• Material provided:
************

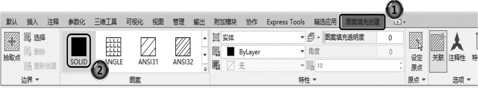 (3)单击“默认”选项卡“绘图”面板中的“图案填充”按钮
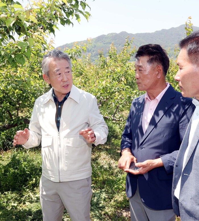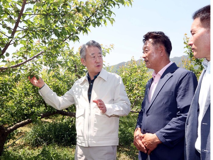 강호동 농협중앙회장이 3일 전국 3대 매실 주산지 중 하나인 경남 하동군의 매실 농가를 방문하여 생육 상황을 점검했다.
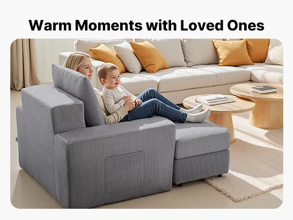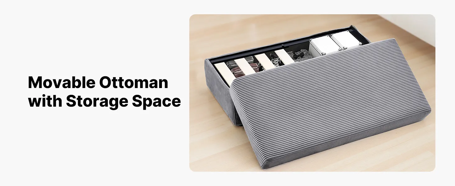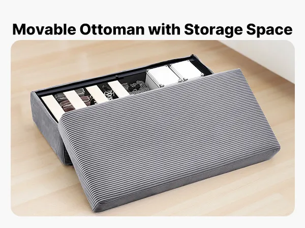 Premium upholstery feels gentle to the touch, while a movable storage ottoman and convenient side pockets enhance your lounging experience.

************

Repeat the listing above verbatim, but exclude the pictures it contains.

 (3)单击“默认”选项卡“绘图”面板中的“图案填充”按钮
 강호동 농협중앙회장이 3일 전국 3대 매실 주산지 중 하나인 경남 하동군의 매실 농가를 방문하여 생육 상황을 점검했다.
 Premium upholstery feels gentle to the touch, while a movable storage ottoman and convenient side pockets enhance your lounging experience.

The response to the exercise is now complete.